To try and come up with a solution to this I've written the following program that illustrates a simplified version of the kind of code that leads to these blowouts:

// Add T to the list of args of SeqWithArgs N number of times:
template <int N, typename T, typename SeqWithArgs>
struct Append;

template <int N, typename T, template <typename...> class Seq, typename... Args>   
struct Append<N, T, Seq<Args...>>                                                  
{                                                                                  
    using type = typename Append<N-1, T, Seq<Args..., T>>::type;                   
};                                                                                 

template <typename T, template<typename...> class Seq, typename... Args>           
struct Append<0, T, Seq<Args...>>                                                  
{                                                                                  
    using type = Seq<Args...>;                                                     
};                                                                                 

static constexpr const int N = 10;                                              

// Tuple containing N instances of int
using Small = typename Append<N, int, std::tuple<>>::type;

// Tuple containing N instances of Small
using Big = typename Append<N, Small, std::tuple<>>::type;

// Tuple containing N instances of Big
using Huge = typename Append<N, Big, std::tuple<>>::type;

int main()
{                                                                               
    Huge h;                                                                     
    return 0;                                                                   
}

正如Yakk严格指出的那样,这些 Append 操作效率极低.但是,在此代码的实际版本中,修改这些代码将需要对代码进行基本的重组.

As righly pointed out by Yakk, these Append operations are horribly inefficient. However, in the real version of this code modifying these would require a fundamental restructure of the code.
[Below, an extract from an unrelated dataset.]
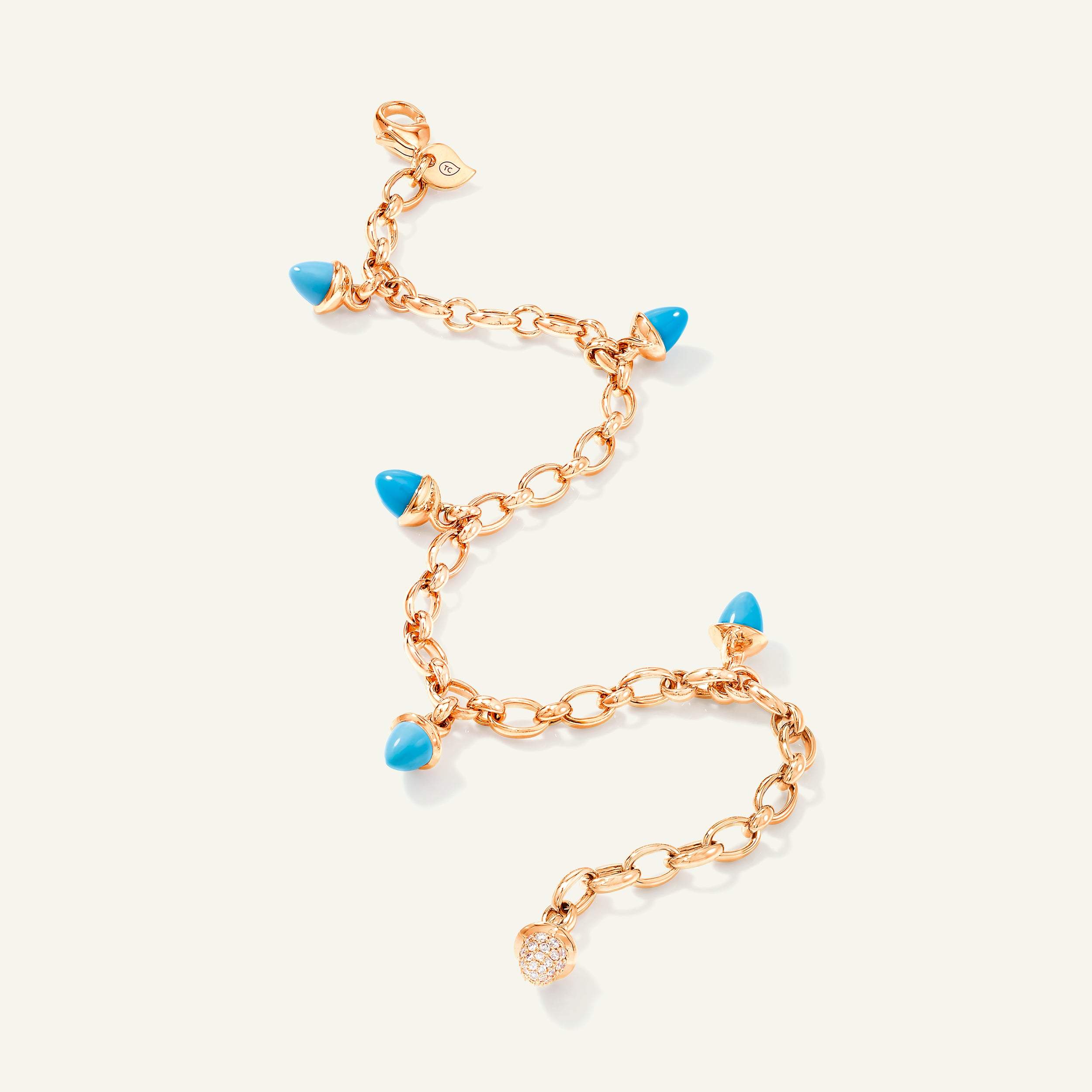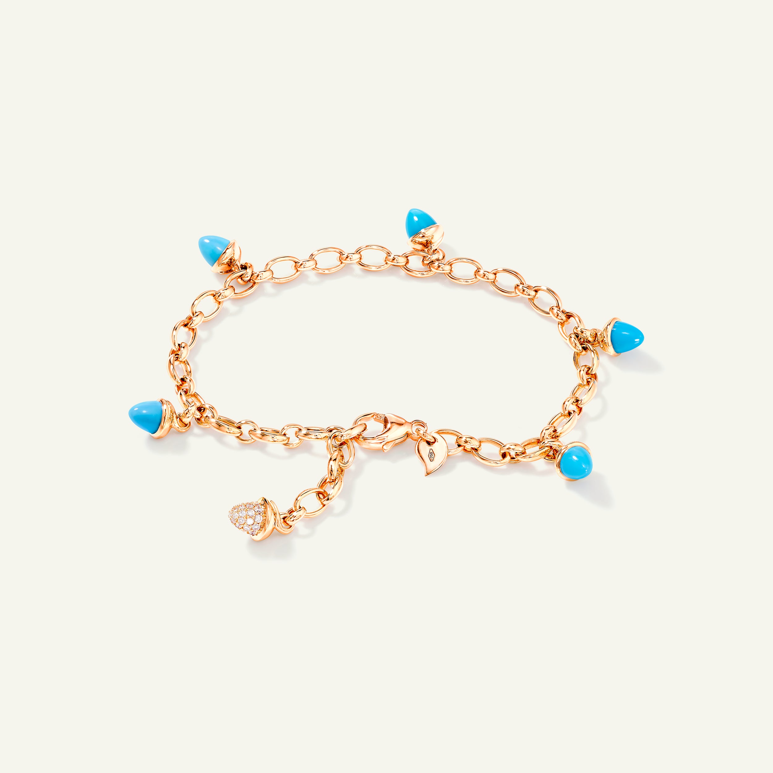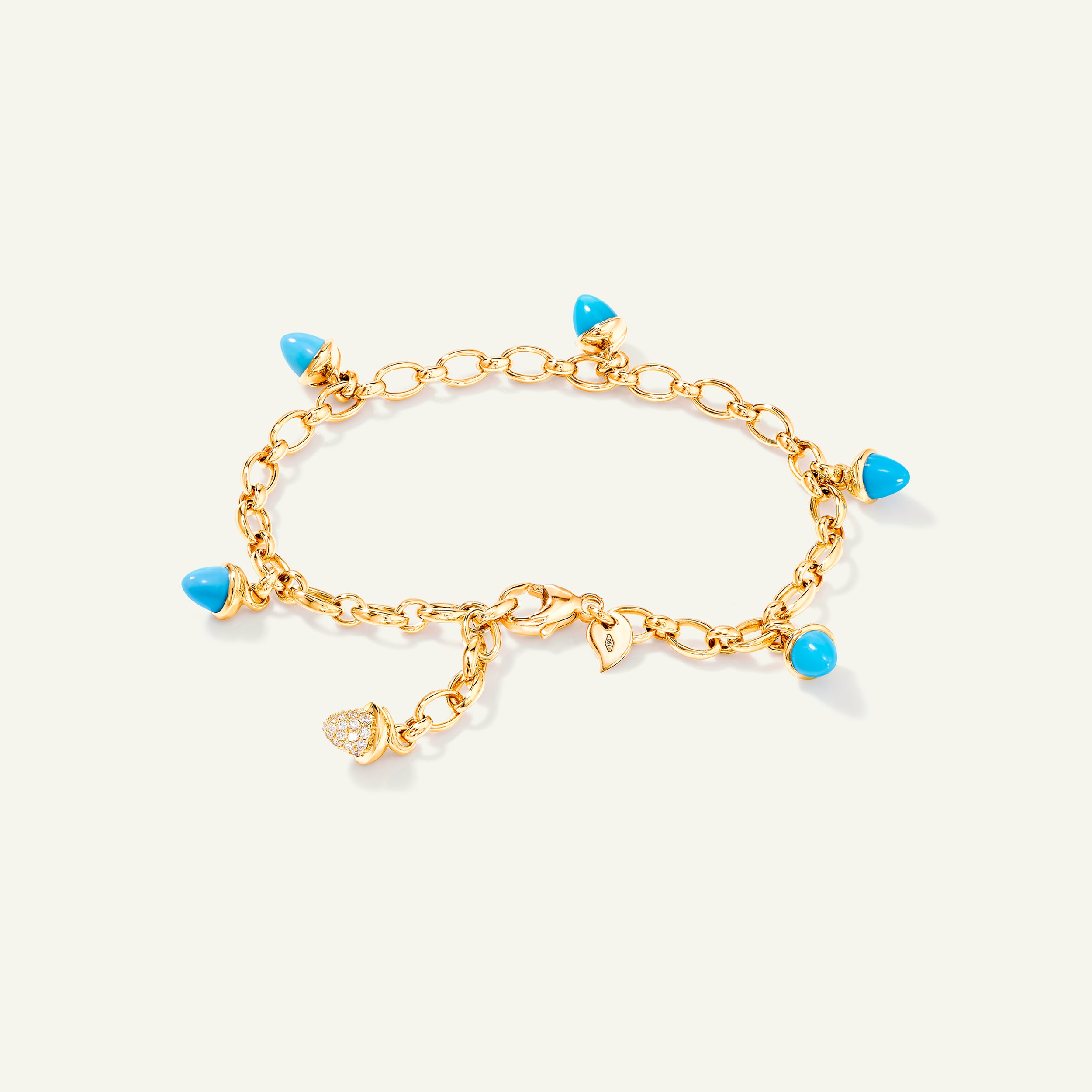 Ein frischer Mix aus Edelsteinen: Das MIKADO Charm Bracelet in 'Turquoise' trägt sechs zarte, kegelförmige blau-grüne Edelsteine an einer handgefertigten 18K-Goldkette. Mit Diamant Pavé für extra Glanz veredelt, begleitet es mühelos vom Tag bis in die Nacht.

我将 N 从10更改为70,并使用 GCC 4.8.1 编译了我的程序.我还运行了 time -v make 以获得峰值驻留内存使用率.以下是仅使用默认标志的结果:

I varied N from 10 to 70 and got this result compiling my program using GCC 4.8.1. I also ran time -v make to obtain peak resident memory usage. Here are the results using just the default flags:

对我来说,这个结果似乎是多余的,不是因为形状(它应该是O(N ^ 3)且似乎遵循该形状),而是因为大小.看起来好像 Small 扩展了 Big 每个实例,而 Big 又扩展了 Huge 的每个实例.在较少使用大量模板的代码中,通常可以使用 extern 关键字声明某种类型的泛型专门化,因此可以避免这种嵌套扩展",但是这些是 types ,而不是;这种结构是否存在类似的东西?

This result seems excessive to me, not because of the shape (it is expected to be O(N^3) and seems to follow that shape), but because of the magnitude. It almost looks like Small is being expanded for every instantiation of Big, and Big in turn is being expanded for every instantiation of Huge. In less template-heavy code one would normally declare an generic specialisation of some type using the extern keyword and would therefore avoid this "nested expansion", but these are types, not values; does something similar exist for this kind of construct?

什么原因导致内存爆炸?如何在不更改 Small Big 类型的情况下减小内存占用 >和巨大?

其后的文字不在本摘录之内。